This, along with the QES actions for the query, can later be reviewed by the 
domain expert leading to possible enhancements to the rule base, or 
clarification back to the user. 

A query transformation rule consists of a pattern and the transform which is to 
occur given that the pattern is encountered in the query. An optional 
explanation can also be supplied with the rule. This explanation is displayed to 
the user if this rule is used to alter his query. 

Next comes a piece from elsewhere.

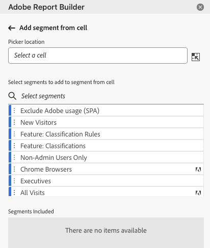 Adicione a opção de segmento que deseja adicionar à célula, clicando duas vezes no segmento ou arrastando e soltando na seção Segmentos incluídos.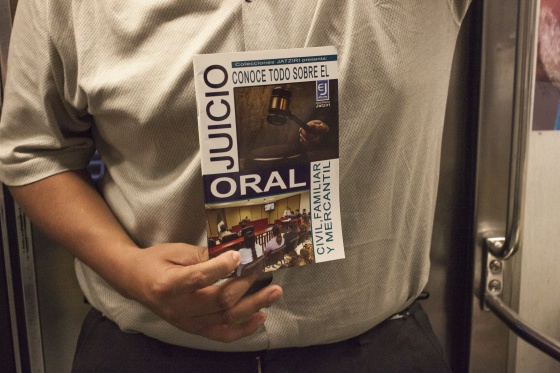 5. Los que te ayudan a seguir la actualidad. ¿Quién no se ha topado alguna vez con la incómoda situación de tener que presentarse en un juicio? "Civil, mercantil y familiar, todo lo que necesita saber para sus juicios orales", jura el vendedor. "¡Cómo debe ser usted ser en los juiciooos! ¡Trámites, procesos de juicio, demanda y contrademandaaaaa! Diezzz pesooossss!". Los manuales van cambiando con la realidad política del país: cuando México discutía sobre la reforma de los hidrocarburos, en los vagones se vendía la Ley Petrolera.

A pattern is a series of pattern items. The possible pattern items are ..., 
<word>, <number matchup>, and <word set>. The pattern item ... matches zero or 
more consecutive words of the query. The item <word> must match the query 
word exactly. A <number matchup> matches the query word if it is a number. A 
<word set> is a list of words, and a match occurs if any member of this set is 
the same as the query word. An implicit ... starts and ends each pattern. Each 
word in the query must be accounted for by some item of the pattern in order 
for the pattern to match the query. In addition, if item i directly precedes item 
j, then the portion of the query matched by item / must directly precede the 
portion of the query matched by item j. Figure 5.2 shows the match between a 
query and a pattern. 

QUERY: show all the observations taken at the 21 75 A bump 

PATTERN: ... observations ... {at, of} the # A bump ... 

Figure 5.2: The match-up between a query and a pattern. 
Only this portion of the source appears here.